I recall one Saturday afternoon when the shop was standing room only. When it was my turn, the young girl waved me towards her chair. I told her that I would wait for Sonny. 

Although my short dark parted hair and my short trimmed dark beard was easy to cut, I was fussy and particular about who cut my hair. Not counting the four years I spent in the Navy, Frank and Sonny were the only barbers who had cut my hair since I was a kid. 

“Go ahead, let her cut your hair,” Sonny said. “She’s good.” 

Reluctantly, I agreed. 

I sat in her chair as she wrapped a long white sheet around my shoulders and placed a white strip around my neck. She then just stood there beside me as I sat in the elevated barber’s chair and looked at me with her head cocked to the right. She turned to Sonny in the middle chair. 

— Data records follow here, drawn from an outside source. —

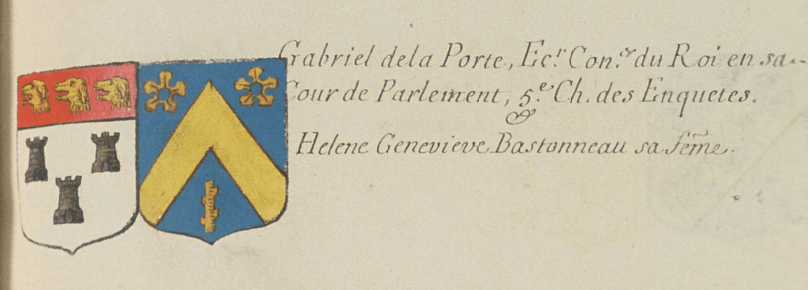 Armes de Gabriel De La Porte – Armorial d’Hozier, tome XXIV, p.1431. (Gallica)
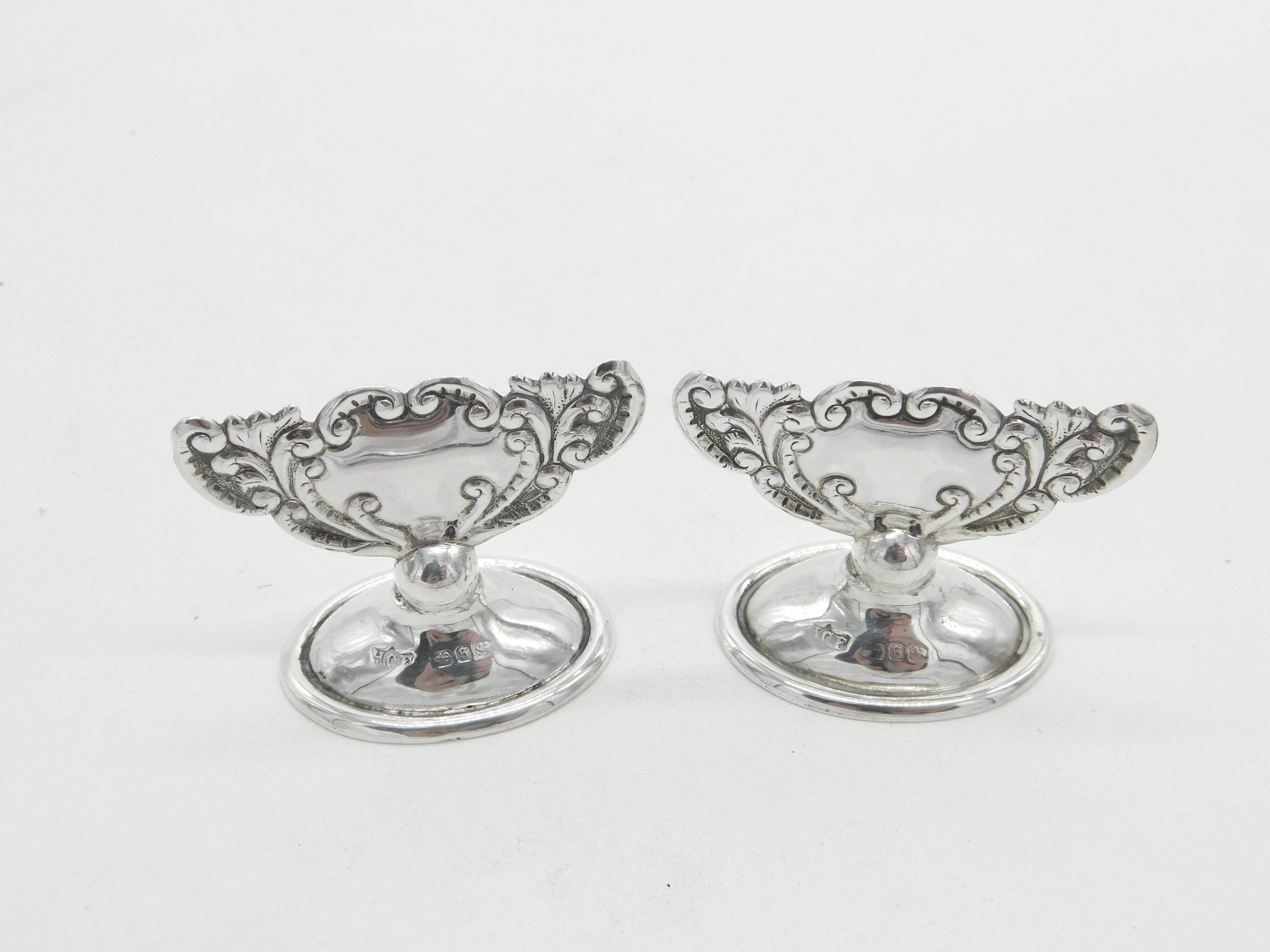 Victorian Pair of Sterling Silver Barrell Form Novelty Salt Cellars Antique 1875
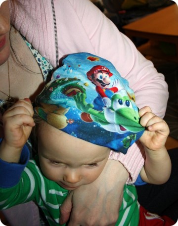– Nä nu får du sluta prata i nattmössan morsan och visa den coola Super Mario Galaxy 2-mössan, som vi hittade på KappAhl. 😀
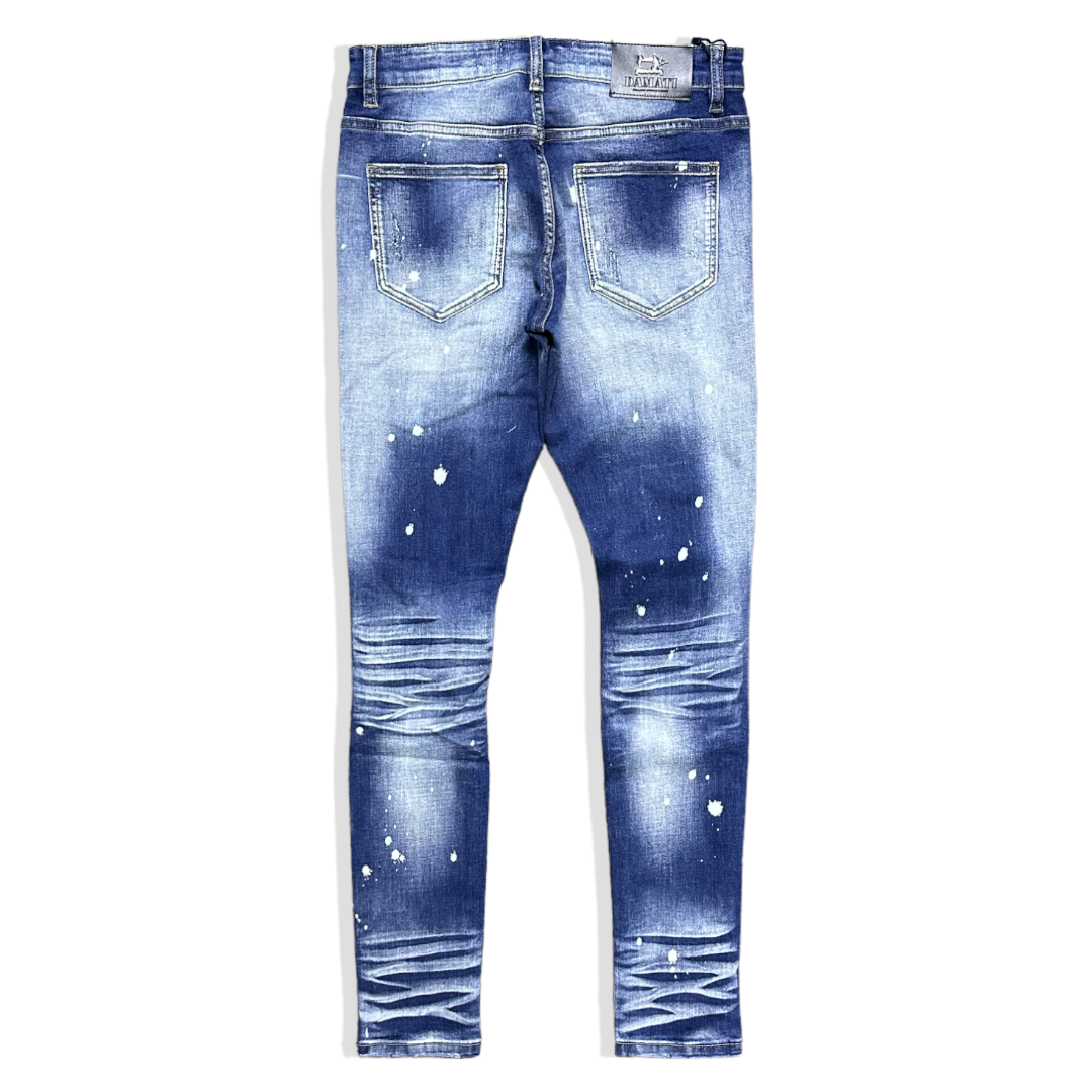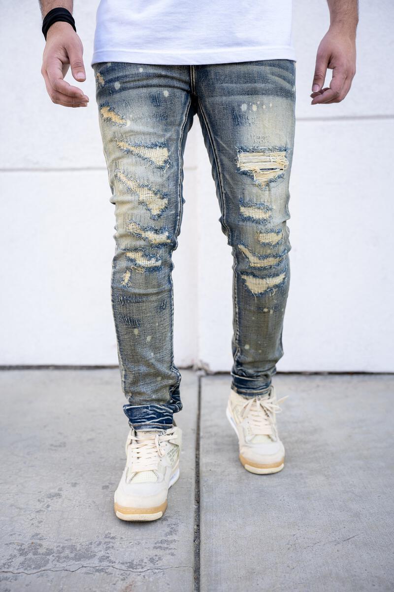 Damati denim (Tan blue cargo stacked premium denim jean)
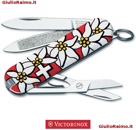 Multiuso da 58 mm, con guance che ritraggono la Stella Alpina. Caratteristiche tecniche - lama - lima per unghie con pulisciunghie - forbici - anello portachiavi - pinzetta - stuzzicadenti
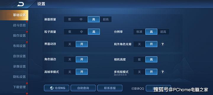 我们将王者荣耀所有特效调至最高并开启界面动效、局外角色光晕、角色描边、多线程模式与高帧率模式。

“I can’t cut his hair,” she said with an exasperated air. “He’s too good-looking.” 

Sonny frowned, Frank chuckled, and the other customers in the barber shop roared with laughter. The girl was soon let go by the brothers and she went to work at a nearby woman’s beauty salon. 

I was teased mercilessly both in the barber shop and elsewhere for some months after that. Friends would greet me with “Hey, Good-looking.” And a bartender and friend at our bar looked at my other friends when I walked in and said, “I can’t serve Paulie a drink. He’s too good-looking.” 

That got a big laugh at my expense.       

 When I wrote about the barber shop in the mid-1990s in my column in the local newspaper, I quoted Frank stating, “We are a friendly shop. Everybody is more of a friend than a customer. We have customers who have moved to New Jersey and other places far away, but they still come back here for a haircut. A lot of shops give them a haircut and throw them out. Our friends stay about talk about the salaries of ball players and such. This is an Italian neighborhood, although we have all kinds living here, and we all get along.” 

Thanks to their loyal, multi-generational following, the shop remained open for years even during the long hair days of the 1960s, when many other barber shops folded. 

Frank and Sonny always seemed to have a handful of oddball characters hanging around the shop. They would sweep up the hair from the floor and make coffee runs to a nearby delicatessen for the two barbers and any customers who also wanted coffee. But mostly the characters entertained the barbers and the customers with unintentional humor.    

One of their most entertaining and often annoying characters was Martin Alberto. 

Alberto was around 5’10, lean with dark wavey air and a permanent five o’clock dark shadow on his face. He was a minor criminal, into “this and that,” but he often spoke like he was a big shot mobster, even though everyone knew he certainly wasn’t.    

As he was a non-stop, speed-talker, known as a chiacchierone - a chatter box in Italian - Alberto was called “Marty Mouth,” Motor Mouth,” Mighty Mouth,” or simply “Mouth.” 

I recall one early evening when I entered the shop and Alberto was pacing up and down the shop and talking fast. Sonny had an older man I didn’t know in his chair and Frank had my friend Bob Longo in his chair. Frank and Bob were smirking as Alberto went on and on.     

“I know it ain’t right to do a cop,” Alberto said. “But I gotta tell ya this prick detective is getting on my last nerve. He’s always pulling me over when I’m driving around the neighborhood and questioning me right in front of everyone. He even pulled me into South Detectives and grilled me for an hour, but I didn’t fold. I didn’t tell him shit.” 

Alberto, voice high and fast, spoke of how this detective was pressing his luck by harassing him. 

“He don’t know who Marty Alberto is! I’m into some heavy shit right now, and this cop is crowding me. If I gotta go to the bosses and ask permission to whack this fucking cop, I will. And if they don’t give me the OK, I may whack his fucking fat ass anyway. I tell ya, I had it with this prick supercop.”            

Just then Frank pulled off the barber’s neck to knees white sheet and Alberto saw Bob Longo’s blue police uniform, badge and sidearm. 

Alberto was – for perhaps the first time in his life – speechless. 

Alberto turned quickly and bolted out the door as Bob Longo just shook his head and I, the two barbers and the other customers roared with laughter.